PROVIDED ENTRIES ->
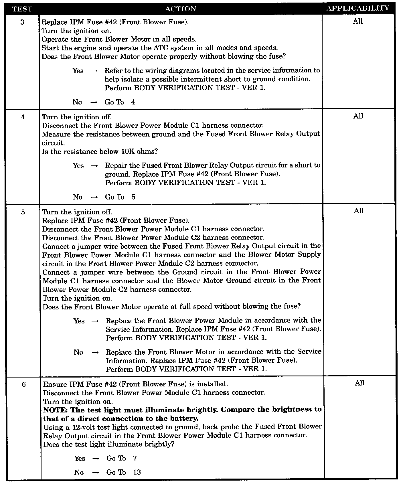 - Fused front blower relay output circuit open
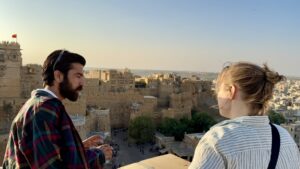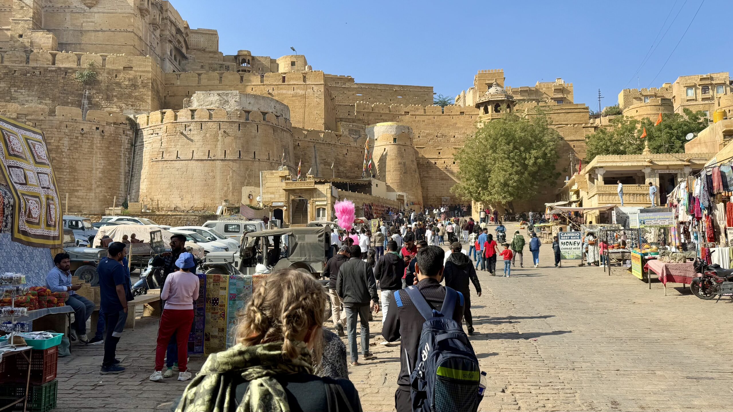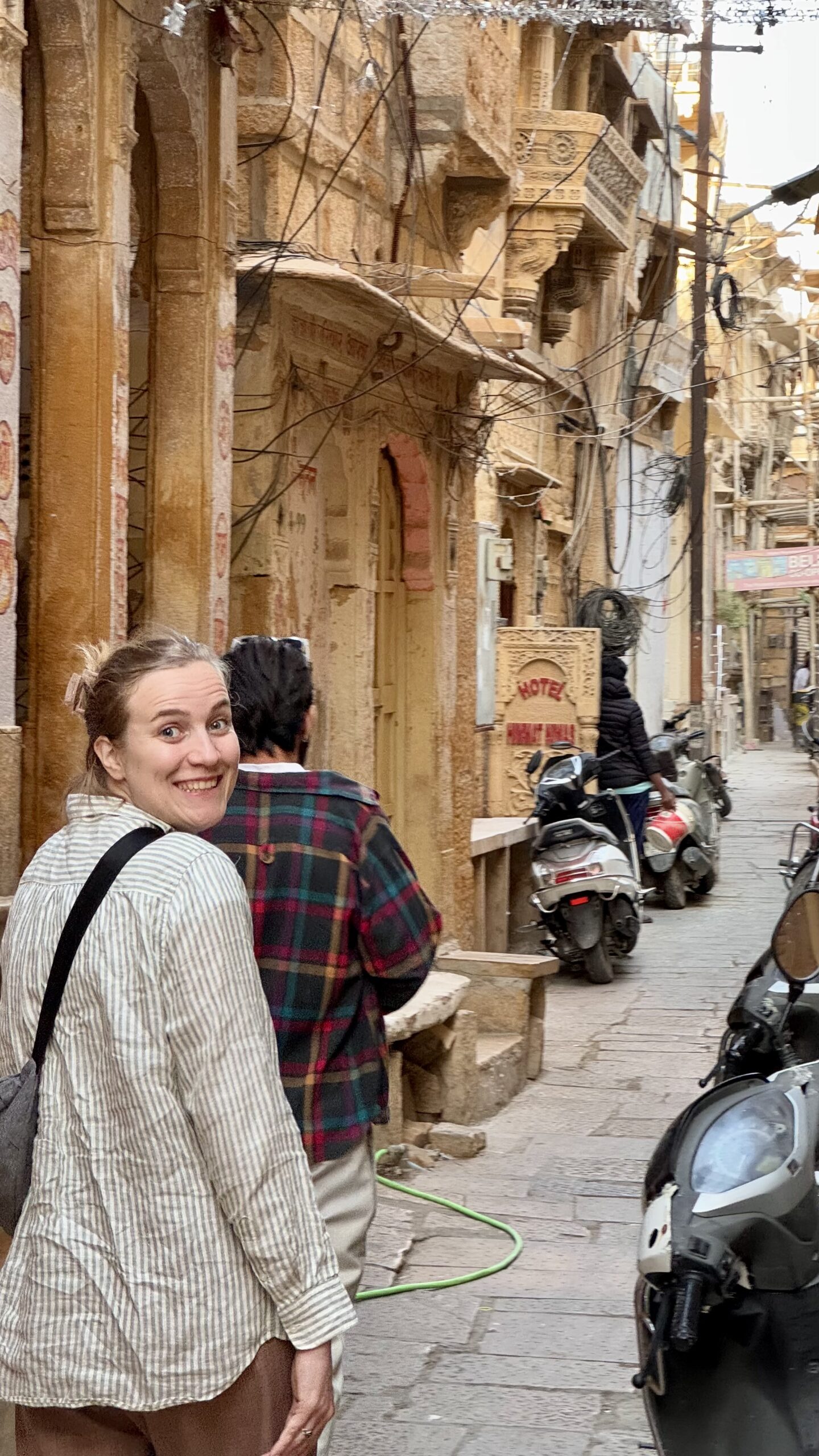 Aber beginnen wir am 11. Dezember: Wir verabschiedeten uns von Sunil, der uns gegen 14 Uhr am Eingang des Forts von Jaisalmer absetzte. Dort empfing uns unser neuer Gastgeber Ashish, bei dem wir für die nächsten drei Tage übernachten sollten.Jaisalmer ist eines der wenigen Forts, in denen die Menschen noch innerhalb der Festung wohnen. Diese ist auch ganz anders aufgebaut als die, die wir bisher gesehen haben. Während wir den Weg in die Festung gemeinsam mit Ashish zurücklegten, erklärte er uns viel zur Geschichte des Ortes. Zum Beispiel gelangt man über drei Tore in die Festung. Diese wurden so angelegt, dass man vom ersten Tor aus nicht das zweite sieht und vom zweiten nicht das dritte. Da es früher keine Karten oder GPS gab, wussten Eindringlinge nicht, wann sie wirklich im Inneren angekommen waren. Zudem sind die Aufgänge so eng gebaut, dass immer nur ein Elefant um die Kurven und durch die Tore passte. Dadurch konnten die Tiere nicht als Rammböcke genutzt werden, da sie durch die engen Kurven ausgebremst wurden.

==

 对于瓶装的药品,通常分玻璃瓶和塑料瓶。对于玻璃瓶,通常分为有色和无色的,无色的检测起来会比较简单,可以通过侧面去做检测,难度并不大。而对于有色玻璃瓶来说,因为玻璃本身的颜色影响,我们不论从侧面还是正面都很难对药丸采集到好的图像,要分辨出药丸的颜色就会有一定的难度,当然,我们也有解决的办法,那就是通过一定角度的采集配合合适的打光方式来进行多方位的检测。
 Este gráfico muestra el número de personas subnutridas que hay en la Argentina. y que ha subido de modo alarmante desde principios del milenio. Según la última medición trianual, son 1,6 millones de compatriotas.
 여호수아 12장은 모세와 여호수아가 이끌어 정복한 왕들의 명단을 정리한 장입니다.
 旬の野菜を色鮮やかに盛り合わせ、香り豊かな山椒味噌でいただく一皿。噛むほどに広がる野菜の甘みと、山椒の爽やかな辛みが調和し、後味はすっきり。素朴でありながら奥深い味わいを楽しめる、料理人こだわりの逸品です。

EXERCISE AIM ->
In the entries above, find the line with "여호수아 12장은 모세와" and the line with "旬の野菜を色鮮やかに盛り合わ", then restate word for word both of them and every line between, with nothing more.

RESPONSE TO THE TASK ->
 여호수아 12장은 모세와 여호수아가 이끌어 정복한 왕들의 명단을 정리한 장입니다.
 旬の野菜を色鮮やかに盛り合わせ、香り豊かな山椒味噌でいただく一皿。噛むほどに広がる野菜の甘みと、山椒の爽やかな辛みが調和し、後味はすっきり。素朴でありながら奥深い味わいを楽しめる、料理人こだわりの逸品です。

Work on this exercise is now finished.